Round up some plump ripe raspberries for this tantalizing yet simple summertime dessert! Juicy ripe raspberries and sweet cream paired with phyllo pastry - it doesn't get any simpler and tastier!
Ingredients:
4 sheets filo (phyllo) dough (Athens brand)
2 tsp butter
1 tsp sugar
1 pint raspberries
Cream Filling:
1 pkg (80z) cream cheese, softened
1/4 cup sugar
1/2 cup heavy whipping cream, whipped
Directions:
1.Cut phyllo sheets into strips and then rectangles or squares 3-4" in length.

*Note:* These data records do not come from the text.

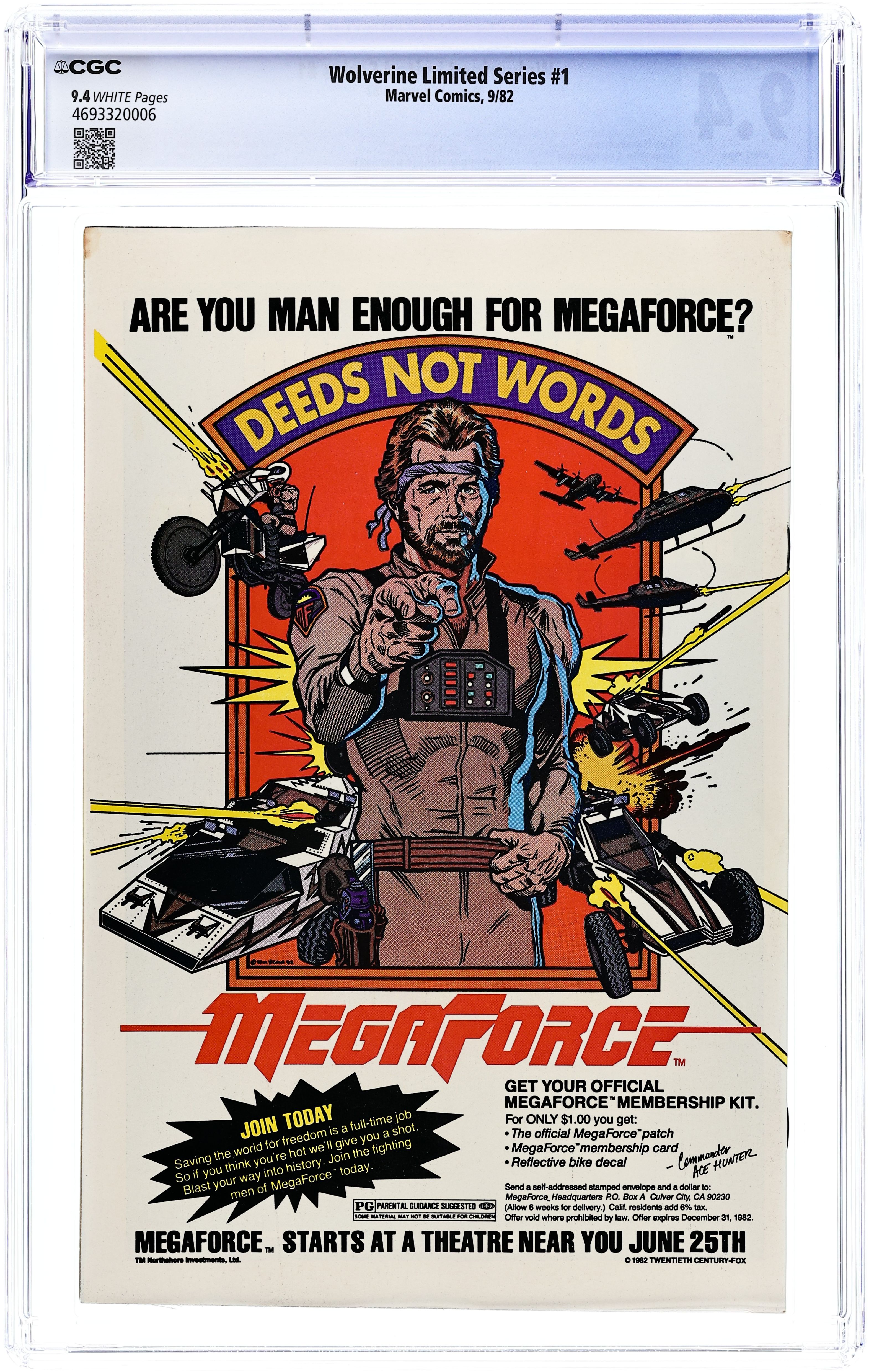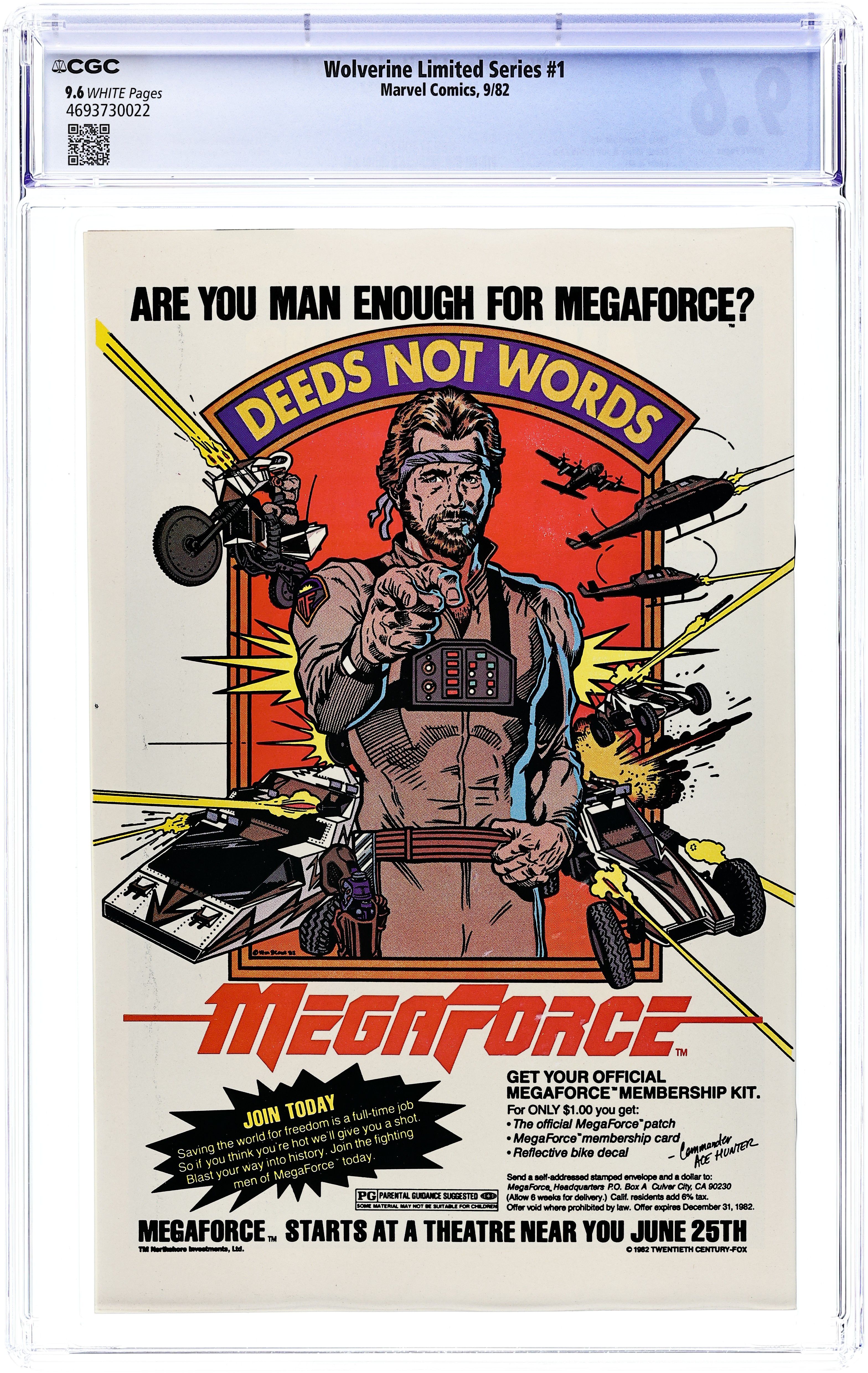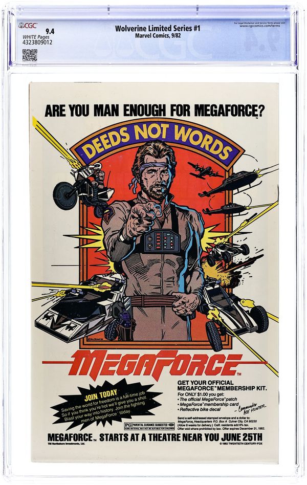 Newsstand Edition. 1 of 4 Featuring Wolverine in his first solo series fighting in Japan. "Wolverine." Script by Chris Claremont, pencils by Frank Miller, inks by Joe Rubinstein. Miller/Rubinstein cover. Back cover MegaForce ad with art by William Stout. Cover price $0.60.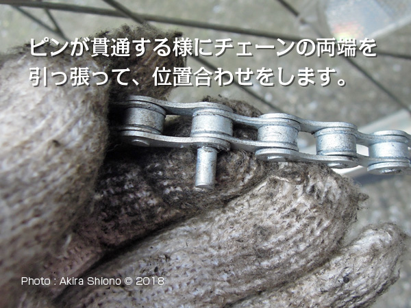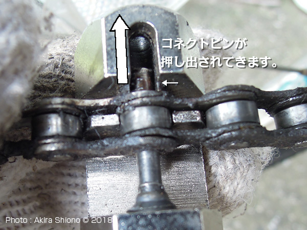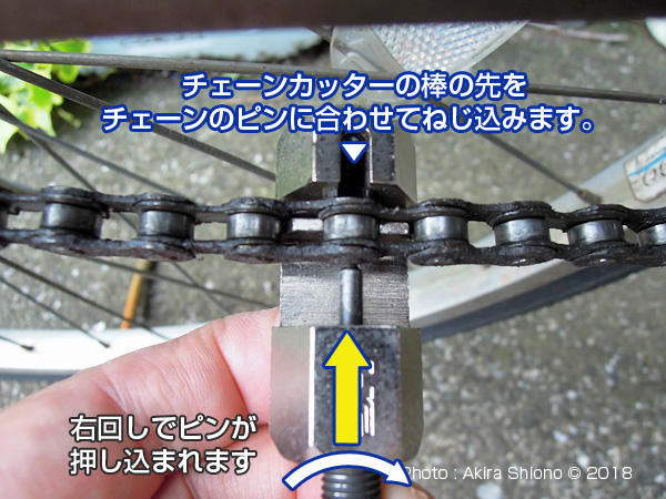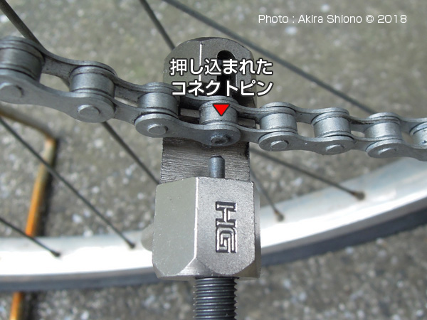 ![]() カットしたチェーンの両端を合わせ、コネクトピンを押し込んでいきます。 ![]() チェーンカッターでコネクトピンを押し込みます。反対側に出たピンが、隣と同じ出っ張りで止めます。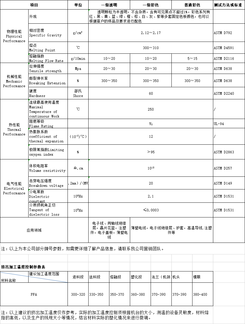 PFA has excellent chemical stability, physical and mechanical properties, electrical insulation, lubricity, non stickiness, aging resistance and non flammability, which are similar to those of PCE. It also has the same thermal stability as poly (tetrachloroethylene), long-term service temperature is - 250 ~ 250 ℃, thermal decomposition temperature is above 450 ℃, even in 285 ℃ air can still be stable for 2000 H. Its outstanding feature is good thermoplasticity. Its high-temperature mechanical strength is about 2 times higher than that of ordinary polytetrafluoroethylene. For example, at 250 ℃, the tensile strength of ordinary polytetrafluoroethylene is only 4.9 MPa, while that of fusible polytetrafluoroethylene is 13.72 MPa, which is 1 / 2-1 / 3 of room temperature.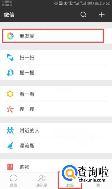 首先,我们打开我们的微信,然后我们点击发现,之后我们点击朋友圈;
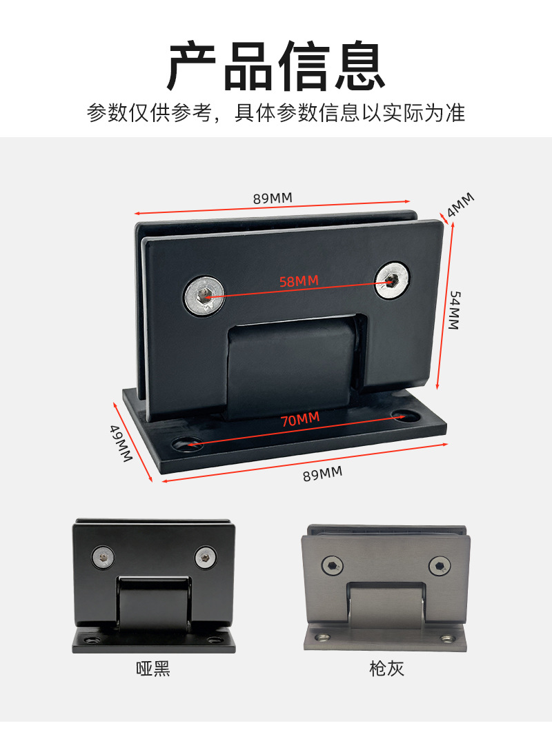 201不锈钢浴室夹4厘半铸90度浴室玻璃夹淋浴房玻璃门夹合页铰链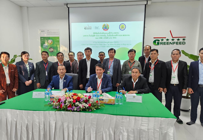 ພິທີເຊັນບົດບັນທຶກຄວາມເຂົ້າໃຈ (MOU) ລະຫວ່າງ ກົມລ້ຽງສັດ ແລະ ການປະມົງ, ກົມສົ່ງເສີມກະສິກຳ ແລະ ສະຫະກອນ ແລະ ບໍລິສັດ ກຣີນຟີດ ລາວ ຈຳກັດ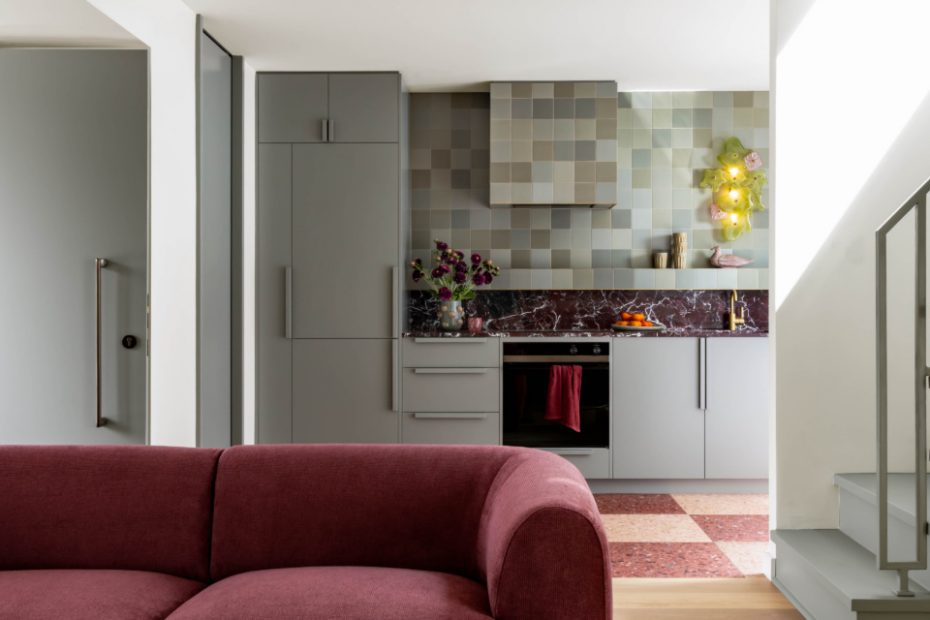 With a playful name like Bon Bon for the entire complex, there’s no shortage of sweet-inspired tones and bold patterns throughout the interiors. For example, Papi is drenched in pistachio and layered with caramel tones, while Tonka reveals vanilla bean hues across the statement kitchen.

Stack 3 high, brushing lightly with melted margarine and a bit of sugar between layers. (Allow three of these layers per person; for 4 people = 12 stacks of 3 layers) Place on non-stick or parchment layered baking sheet and bake at 350 degrees for about 10 minutes or until lightly browned and crisp. Allow to cool, then store in airtight container for up to 3 days.
2. In a small bowl, beat cream cheese and sugar until smooth. Gradually fold in whipped cream.
3. Wash and drain raspberries and set aside.
4. When ready to serve, place 1 layer of pastry on serving plate and pipe on cream filling. Top with fruit . Add another phyllo layer, creamy filling and fruit. Repeat one more time. Sprinkle with powdered sugar. Serve immediately.